Not only was the Jewish right endorsed unanimously by the world’s countries, but by the Arab representative, King Saud.
It should always be emphasized that Israel’s rights did not begin in 1947 and do not derive from the U.N. The connection has been there for millenia, and in the modern era the rights derive from San Remo etc. When Israel liberated Judea and Samaria, it did not “seize” anything; it recaptured what had been ripped off by Jordan. When Israel recaptured the Golan Heights, it recaptured an area meant for the Jewish Homeland that had been ripped off from it by an act of imperial arrogance.
It is also useful to point out that Jordan is an illegal occupier of 78% of the land intended for the Jewish State.
An excellent letter and response.
Eretz Israel territorial limits were those on record until invaded by a sequel of foreign powers. The same ones that since have presumed to have the right to allocate what was never theirs. Whatever the post Roman Empire inheritors arranged amongst themselves.
Israel never engaged on conquest Wars but responded to aggression and today resides within the historical bounderies of our Land.
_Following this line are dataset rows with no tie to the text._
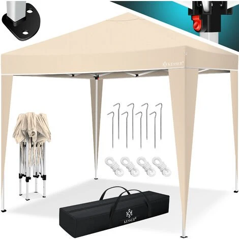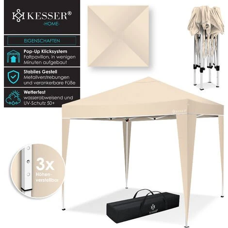 Le jardin est l’endroit idĂ©al pour se dĂ©tendre tout simplement, pour se sentir bien ou pour passer des journĂ©es agrĂ©ables avec votre famille et vos amis. Mais souvent, ces moments prennent fin dès que le mauvais temps s’installe. Avec notre pavillon de la marque KESSER, vous pouvez continuer Ă organiser des anniversaires, des barbecues et d’autres fĂŞtes sans problème dans votre jardin en cas de pluie. Que ce soit dans le jardin, sur la terrasse, lors d’une fĂŞte, d’une manifestation, d’une brocante ou d’une sortie : nos tentes pliantes KESSER vous offrent toujours et n’importe oĂą l’abri parfait.  Grâce Ă sa construction stable et Ă son sac de transport fourni, il est très facile de transporter cette tente pliante partout et de la monter en quelques minutes. Des entretoises mĂ©talliques et des pieds ancrables confèrent Ă ce pavillon une excellente stabilitĂ©. La toile supĂ©rieure du toit est constituĂ©e d’une composition textile pure et impermĂ©able d’Oxford 220D 100 % polyester.Â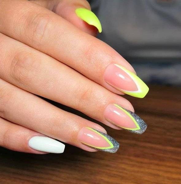 Идеальным на лето станет градиентный модный маникюр, который можно воссоздать в разноцветных растяжках цвета в вертикальной, горизонтальной, геометрической манере.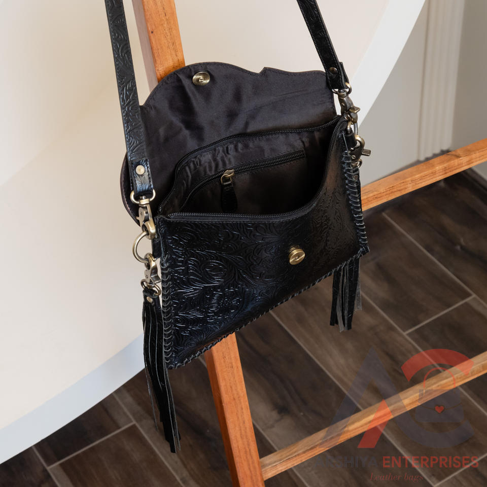 Hot Selling Real Genuine Tooled Embossed Leather Compact Tassel Sling Bags Women High Quality Unique Carved Leather Handbags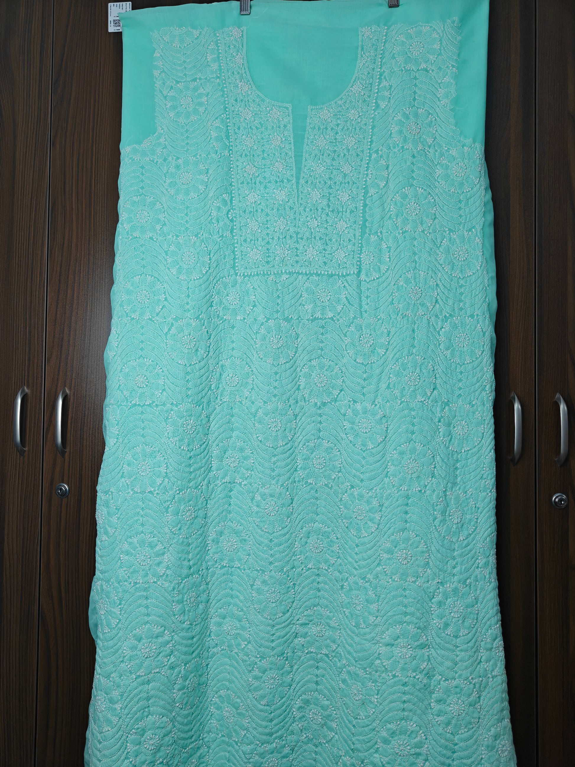 Add a refreshing touch of elegance to your wardrobe with this Sea Green Terivoil Cotton Hand-Embroidered Chikankari Suit Set from Varnika Exclusive Chikan.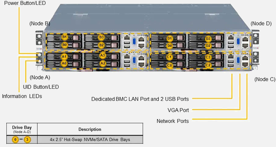 Ideal for HPC, MEC, Cloud Gaming, Multi-purpose CDN, High-availability Cache Cluster and EDA. Quad Node 2U Form Factor. Redundant 2200W Power Supply, Up to 4x 2.5" hot-swap NVMe/SATA drive bays (Per Node).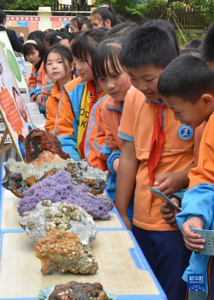 5月24日,贵州省惠水县惠民小学学生观看贵州省地质博物馆带来的矿晶实物。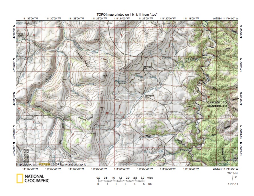 - Looking now at some examples of the topographic map evidence for the initial south oriented flood flow in what is today a north oriented drainage basin figure 2 illustrates the Hound Creek-Smith River drainage divide area north of the Big Belt Mountains. The Smith River meanders in a north direction near the figure 2 east edge. Trout Creek is the north and northeast-oriented tributary flowing from the figure 2 south center edge through the small town of Millegan to join the Smith River in the figure 2 northeast quadrant. Mud Gulch is an east and southeast-oriented Smith River tributary in the figure 2 southeast quadrant. Note how the north and northeast-oriented Trout Creek valley is linked by through valleys with the Mud Gulch valley. The figure 2 map contour interval is 50 meters and some of the through valleys are defined by four or more contour lines on either side indicating depths of more than 200 meters. The through valley are water eroded features and were eroded by southeast-oriented flood flow moving to what was at one time a south oriented flood flow channel on the Smith River alignment. At that time the northeast-oriented Trout Creek valley did not exist. Headward erosion of the northeast-oriented Trout Creek valley beheaded southeast and east oriented flood flow routes to the east and southeast-oriented Mud Gulch valley. Hound Creek flows in a north-northeast and north direction from the figure 2 west edge (just south of center) to the figure 2 north edge (west half). Pine Coulee is the northwest, north, and west-northwest oriented Hound Creek tributary in the figure 2 southwest quadrant. North of Pine Coulee is northwest and north oriented Government Creek, which flows to Hound Creek west of Conway Ridge. West-northwest oriented Porcupine Creek is a Hound Creek tributary located north of Conway Ridge. Note how Porcupine Creek headwaters are linked by a through valley (or pass) with the northeast-oriented Trout Creek valley. The through valley is today a notch in an otherwise high ridge, but is a water eroded feature and is evidence of a southeast-oriented flood flow channel that crossed the region prior to headward erosion of the deep Hound Creek valley. An even deeper through valley can be seen linking the west-oriented East Fork Government Creek valley with the east-oriented Coal Creek valley, which drains to the northeast-oriented Trout Creek valley at Millegan. Still another through valley links the northwest-oriented Pine Coulee headwaters valley with the north- and northeast-oriented Trout Creek headwaters valley (near figure 2 south edge). These through valleys and other similar through valleys were eroded by south and southeast-oriented flood flow that was captured by headward erosion of the north- and northeast-oriented Trout Creek valley when flood flow in what had been the south oriented Smith River flood flow channel was beheaded and reversed north of the figure 2 map area by headward erosion of the much deeper northeast-oriented Missouri River valley. Because headward erosion of the deep Missouri River valley beheaded and reversed south- and southeast-oriented flood flow channels in sequence from east to west flood waters west and south of the actively eroding Missouri River valley head were still moving in south directions after flood waters in the newly beheaded Smith River flood flow channel began to reverse their flow direction.

One may agree or not with “negotiating” with intent to relinquist some parts of our Land, yet that is not a recogniton of anyone else being entitled to that.
Most of us expect violence again on the part of the islamics.
They will find us prepared… And so will anyone else in any way acting in support of that violence,
Is the law of nations time bound? Begins to be considered from a specific date forward? If not, then in fact every nation would then be in violation.
Zell said it all. The people seeking the dismantling of Israel are not concerned with legality, nor is the UN General Assembly. The UN is a club, consisting mostly of small states led by dictators. The President of the United States chooses to accept the dictates of these leaders as binding law in the US and elsewhere. If the US voters, Congress and Supreme Court choose to submit to this foreign rule, they have the right of might to enforce their decision; the might of countless armed government agencies such as the BATFE, the IRS and Homeland Security; but they are destroying the rule of law and of decency, and will reap the consequences in short order. The “Christian Spring” is not far off, as is the “Jewish Spring”. Devils beware.
Just one comment to the excelent response from L. Marc Zell, Adv. He states:
Actually, the Mandates System (spelled out in Article 22 of the Covenant of the League of Nations) envisaged the creation of sovereign states after a period of “tutoring” by the Mandatory Power. The Supreme Council of the Allied Powers set up a number of Mandates, some of which with the express purpose of creating new sovereign states where none existed before. This was the case for Syria, Iraq, South West Africa (now Namibia) and others. All these decisions taken by the Supreme Council in the 1920s were carried out on behalf of the League of Nations which approved the mandates. The same applied to the “Jewish National Home” in Palestine, which was a future state in the making notwithstanding British efforts to oppose it.
Of course, as Zell aptly notes:
But without the legal framework put in place by the League of Nations, those Jews “returning to the Land of Israel” would have been considered as unlawful intruders with regard to the law of nations.